Floating solar collectors were probably first described in patent application DE 39 19 125 A1. Here it was assumed that a z. B. with polycrystalline silicon photoactively coated thin carrier film is welded. Thanks to the low density of polyethylene of about 0.92 g / cm ^3, such a solar collector floats on the surface of sea water. When using polyethylene as a sheath insulation for underwater cables, their manufacturers have guaranteed a service life of 30 years.

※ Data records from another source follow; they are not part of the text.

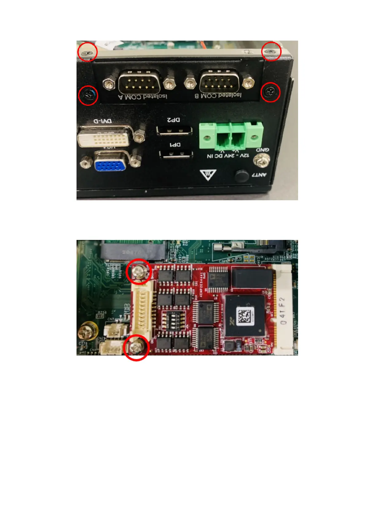 11. Install the Isolated COM mPCIe module on the motherboard. Use the two M2.5 x 6L screws in the corners of the module, as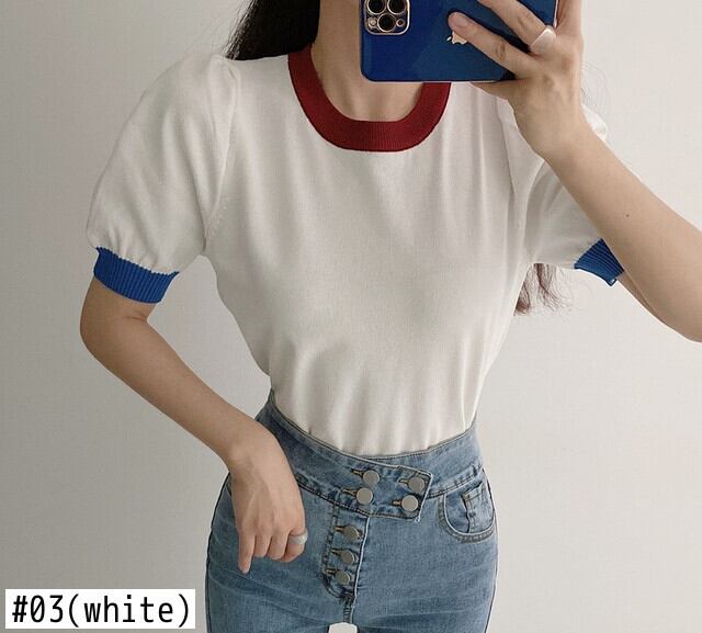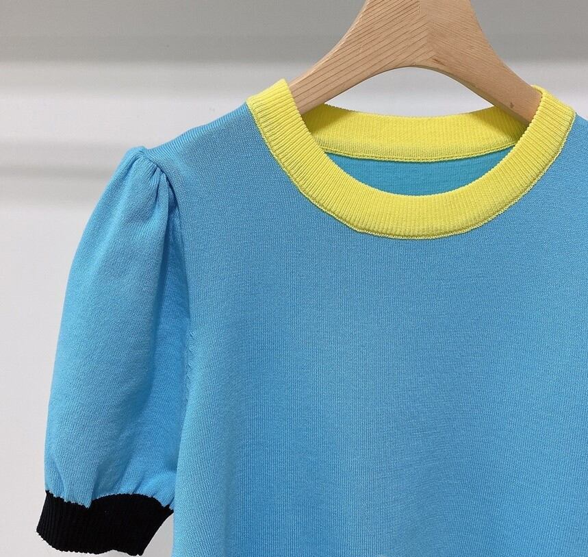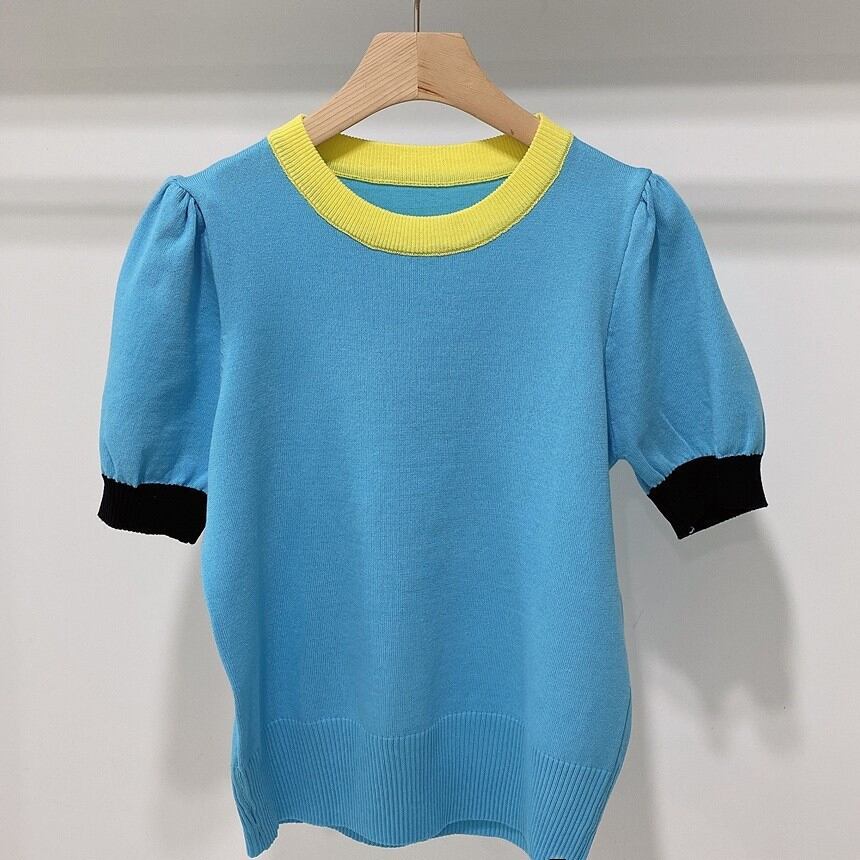スタイルスリムニットトップスジャンパー女性セーター夏薄型 O ネックセーターレディースコントラストカラー半袖 ショート ハーフスリーブ サマー 夏物 Oネック Son98953940580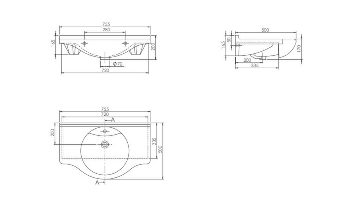 Turkuaz Cerastyle Nil Etajerli Lavabo 75X50 Cm 066400-U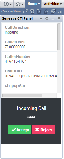 For inbound calls, the panel displays the call details and an Incoming Call dialog box. Accept or reject the call from your phone.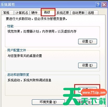 2、弹出的“系统属性”框中选择“高级”,“启动和故障恢复”下面的“设置”。
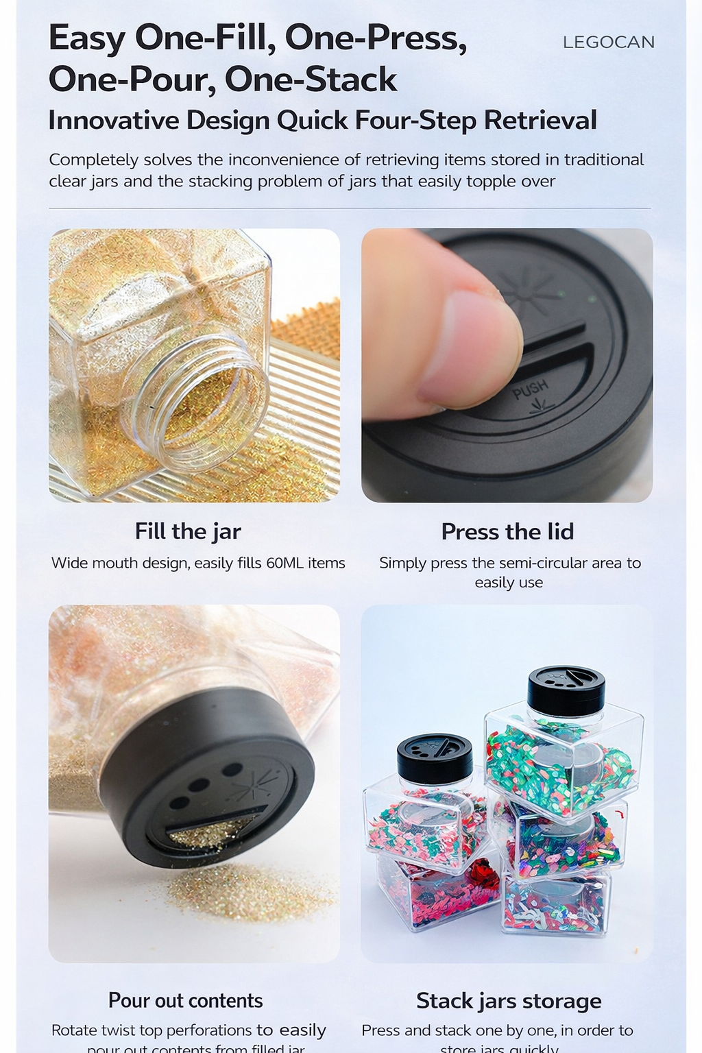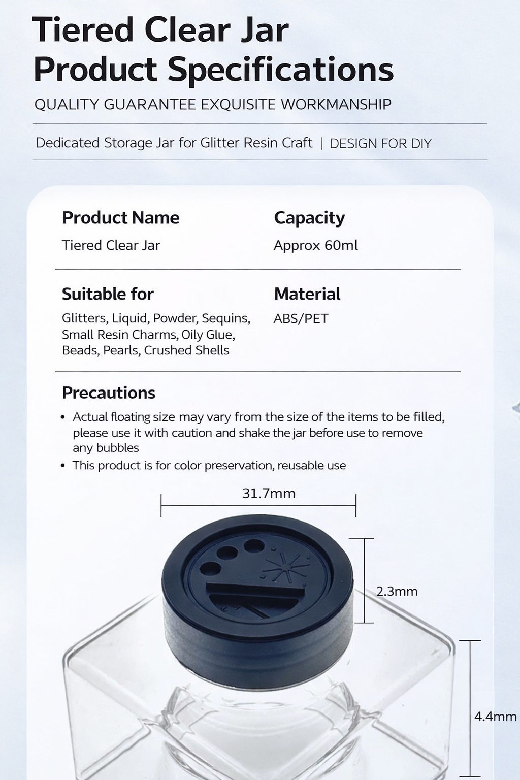 Bottles designed for clear product display. Suitable for glitter, polymer clay, etc.

Previous doubts as to whether maritime solar technology enables energy costs as low as today's nuclear power plants have now been cleared up. For an estimate, it is assumed that the current government will shut down all previous nuclear power plants within 20 years at the latest. Alternative energy generation systems have to be installed to generate around 150 billion kWh per year, which has so far been produced by NPPs. Here come maritime solar pontoons with location z. B. on the northern edge of the Mediterranean z. B. in front of Genoa, where the sun is about 2,000 kWh / m ² per year, in the shortlist. If we initially only assume a system efficiency of 5% for such a maritime solar pontoon, an annual electrical energy of 100 kWh / m ^{2 is obtained} from the solar radiation. A maritime collector area of 1,500 km ^{2 is} required to achieve the same energy generation as the previous German NPPs. This colectorector surface covers both the daily and the nightly electricity needs to be stored and corresponds to a sunshine duration of 1000 W / m ² on average of 5.5 hours a day.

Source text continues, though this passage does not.